* _Task directions_
Where a line in the records below includes "Solei", pull that line out.

[Saved entries]
= = = = =
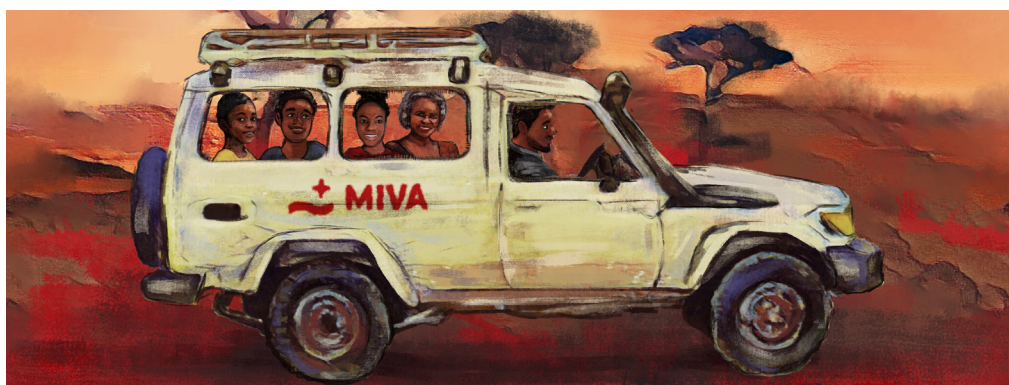
„Einen ZehntelCent pro unfallfreiem Kilometer für ein MIVA-Fahrzeug“ - unter diesem Motto bittet die MIVA bei der Christophorus-Aktion um Spenden.
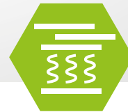
Servo Vibration System
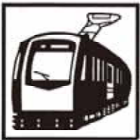
私鉄 乗車人員1日 13,641人
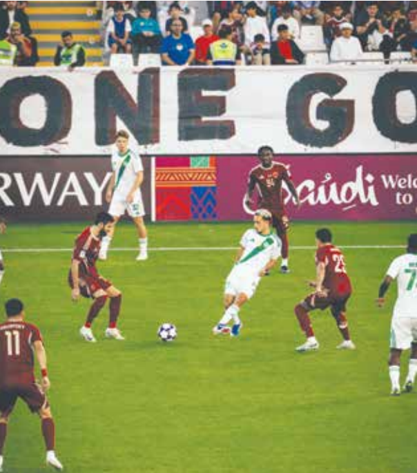
○ لحظة من المباراة.

وأضاف: «لم نسجل اليوم، لكننا كنا قريبين من ذلك، وحتى في الدقائق الأخيرة سنحت
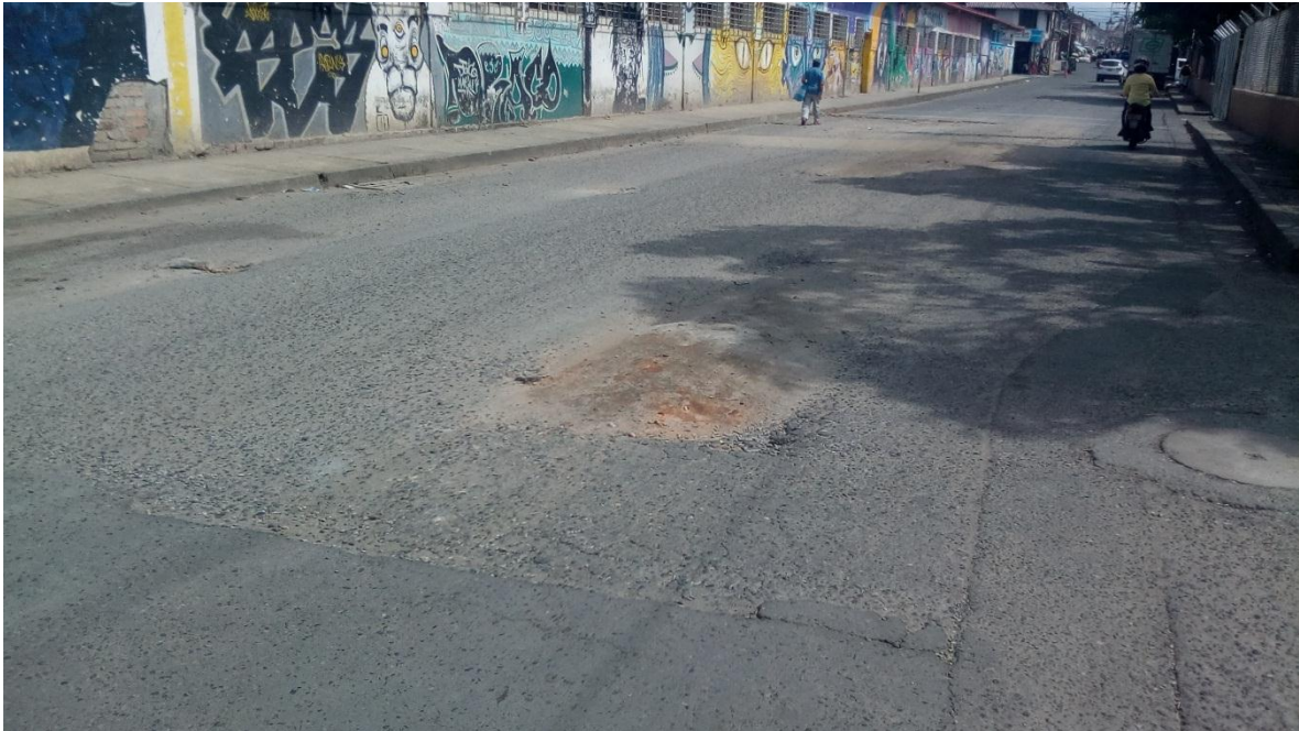
Figura 74. Calle 17N - Carrera 8-9 - COMUNA 1
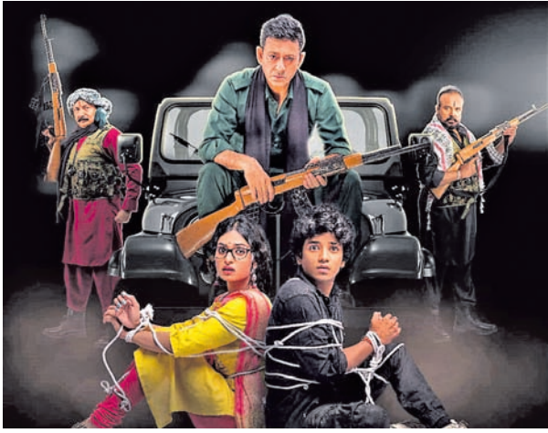
'ତୋର ମୋର କଟି' ଫିଲ୍ମର ଏକ ଦୃଶ୍ୟ

ଝିଲକ ମୋକ୍ଷ ପିଲାଙ୍କ ବ୍ୟାନ୍ଦରରେ ନିର୍ଦ୍ଦେଶିତ ତୃତୀୟ ଚଳଚ୍ଚିତ୍ର 'ତୋର ମୋର କଟି' ଆସନ୍ତା ଜାନୁଆରୀରେ ମୁକ୍ତିଲାଭ କରିବ ବୋଲି ପ୍ରଯୋଜନା ସଂସ୍ଥା ପକ୍ଷରୁ ସୂଚନା ଦିଆଯାଇଛି।
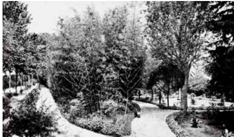
Els jardins de Can Solei a principis del segle xx

"En esta tarde, doctor Josep Cases i jo [...], hem anat a passejar cap a la torre del doctor Romà, advocat, intitulada lo mas Solei; casa i jardins ab horta, vinyes i molta aigua [...], un gran safareig ab canyos d'aigua corrent, adorns de bustos de pedra màrmol, però mutilats de nassos, boques i ulls, i una estàtua del mig del safareig [...]. Hem passejat per aquells caminals rectes, a la manera d'almèdes ab tanta frondositat que hi ha de vinyes, terres de sembradura, tanta còpia d'aigua que, ab aquella lontananza de muntanyes conreades, caseria i mar, són objectes moltíssim deleitables a la vista. I tant han agradat al doctor Cases, que ha donat el nom, a tot aquell ameno jardí i hort, ab aquell gran safareig i aigua corrent, de Paradisus Voluptatis [...]."
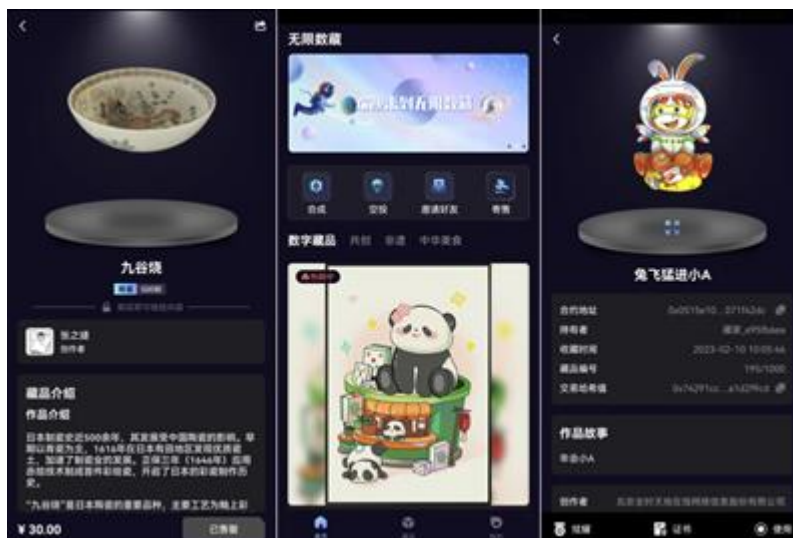
图：数字藏品发行平台“无限数藏”

数字藏品发行平台“无限数藏”是基于区块链底层技术建设的涵盖数字藏品铸造、登记发行、营销推广、交易、存证备案等功能的一体化综合性服务平台。
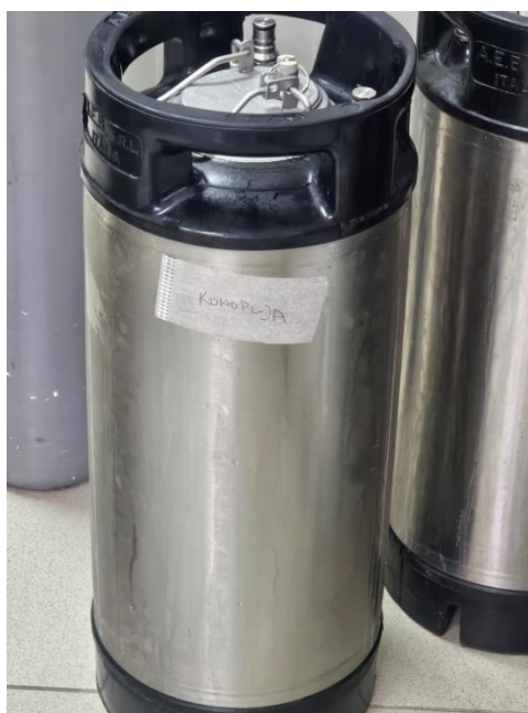
Slika 10 Keg

Pivo je nakon fermentacije pretočeno u keg ( slika 10 ) i stavljeno na hlađenje 3 dana na 2-4 °C. Ohlađeno pivo se gazira pomoću CO 2 u kegu pod tlakom od 2.5 bara. Keg je metalna cilindrična posuda sa ventilom na vrhu. Ventil se spaja na cijev koja ulazi u bačvu, a služi za čišćenje, izlazak CO 2 iz bačve pri punjenju te izlaz piva iz bačve prilikom potrošnje. Danas se proizvode u volumenima od 7 L do 100 L (Mastanjević 2024). Gazirano pivo se puni u tamne staklene boce ( slika 11 ). Kontrolno pivo proizvedeno je na isti način, ali bez dodatka pogače konoplje.
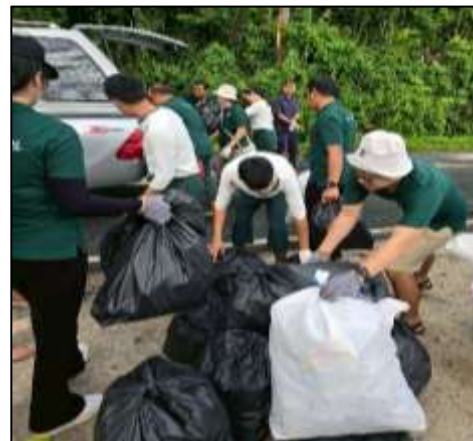
ภาพที่ 2-30 กิจกรรมเพื่อสังคม
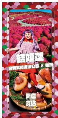
結婚運 (ひたち海浜公園 × はまぐり)
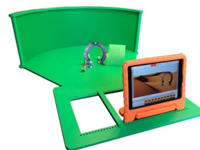
Een green screen

We zijn 2023 goed begonnen. Sinds kort zijn we in het bezit van een Green Screen Box. Dit is een mini theater waarmee kinderen zich digitaal in verschillende werelden kunnen verplaatsen. Dit nodigt uit om eigen verhalen te maken. Dit is goed voor hun taalontwikkeling, creatief denken, doorzettingsvermogen en samenwerken. Groep 8 heeft de eer om hier als eerste mee te mogen werken. Daarnaast verdiept groep 8 zich in hoe paalwoningen gemaakt zijn, waarbij moeilijke knopen gebruikt worden. Vervolgens ontwerpen zij hun eigen boomhut.
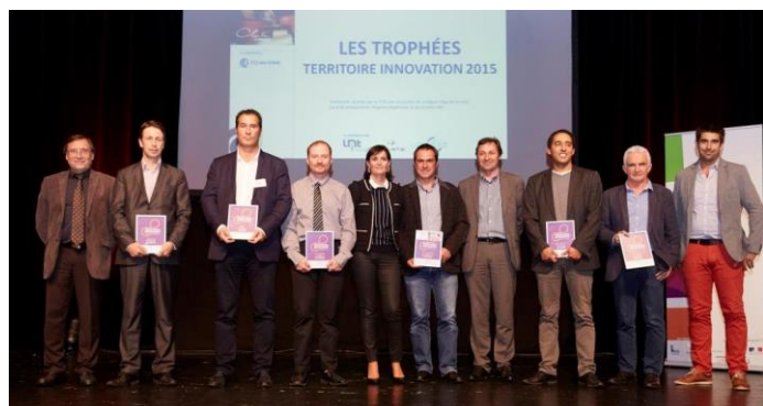
Les lauréats des Trophées Territoire Innovation 2015

Réunissant des partenaires et clients de l'agroalimentaire, Europlastiques a constitué une offre inexistante à ce jour : des repas complets et équilibrés spécifiquement conçus pour les distributeurs automatiques.
= = = = =
* _Problem solution_
Els jardins de Can Solei a principis del segle xx
"En esta tarde, doctor Josep Cases i jo [...], hem anat a passejar cap a la torre del doctor Romà, advocat, intitulada lo mas Solei; casa i jardins ab horta, vinyes i molta aigua [...], un gran safareig ab canyos d'aigua corrent, adorns de bustos de pedra màrmol, però mutilats de nassos, boques i ulls, i una estàtua del mig del safareig [...]. Hem passejat per aquells caminals rectes, a la manera d'almèdes ab tanta frondositat que hi ha de vinyes, terres de sembradura, tanta còpia d'aigua que, ab aquella lontananza de muntanyes conreades, caseria i mar, són objectes moltíssim deleitables a la vista. I tant han agradat al doctor Cases, que ha donat el nom, a tot aquell ameno jardí i hort, ab aquell gran safareig i aigua corrent, de Paradisus Voluptatis [...]."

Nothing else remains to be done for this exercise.